John Carpenter says he’s a “broken-down horror director” trying to get through life.

The ‘Halloween’ filmmaker, who has not made a movie since his snake-pit thriller ‘The Ward’ from 2010, confessed he hates talking about his past work and now focuses on watching wrestling, basketball, his love of helicopters and playing video games.

He told The New Yorker magazine in a wide-ranging, rare interview: "Look, I’m just a broken-down horror director trying to get along in this world, OK? That’s all I’m trying to do, navigate the shoals.”

He admitted he still finds a lot of activities “fun” including meeting fans “because they’re always so nice”.

John, 74, added when asked if he liked revisiting his career: “Talking about my own movies? God, no. I hate it. I don’t want to do that. They speak for themselves.

“I am unable to watch most of my own movies. I become immediately very critical of what I see.

“I say to myself, ‘Why did I do that? I know better. Come on.' You know, ‘I made a mistake there, I was too lazy, too this, too that.'

“Anyway, I don’t wanna talk to you about that. Those things are feelings I have inside. I’m not going to tell you what I think.”

He added he was “always kind of working on stuff” but said: “I don’t have anything to announce.”

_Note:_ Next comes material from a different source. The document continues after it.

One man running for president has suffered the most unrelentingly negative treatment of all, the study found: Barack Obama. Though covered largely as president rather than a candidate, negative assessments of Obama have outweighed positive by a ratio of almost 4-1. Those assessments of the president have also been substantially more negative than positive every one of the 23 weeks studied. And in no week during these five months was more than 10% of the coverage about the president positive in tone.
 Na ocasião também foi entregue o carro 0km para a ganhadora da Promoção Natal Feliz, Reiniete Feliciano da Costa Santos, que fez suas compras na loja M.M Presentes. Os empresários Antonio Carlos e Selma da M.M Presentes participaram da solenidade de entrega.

Opening up about why he has stopped making films, he said: “It was just a culmination. On ‘Ghosts of Mars’ I was exhausted. That was the big thing.

“I remember seeing a behind-the-scenes (featurette), and it showed me on set working, sitting in the scoring session. God, I’d aged.

“Tired and ancient. And I thought, ‘I can’t do this anymore’. It was too rough. For me, it became not worth it.

“And I didn’t want to say that about movies. Movies are my first love, my life. But, anyway, why am I telling you all this? This is not something I want to talk about.”

He went on about looking back: “I don’t look at things like I pulled something off. I don’t see it that way. I love everything I did. I love all the movies that I made, but I also love stopping and relaxing, too – watching basketball, for instance, or playing video games.”

John, who agreed to serve as a composer and executive producer for David Gordon Green’s new cycle of ‘Halloween’ sequels, including this autumn’s ‘Halloween Ends’, added about his dislike of film criticism: “One minute you’re a genius, and then another minute you’re a bum. Well, both things are not true.”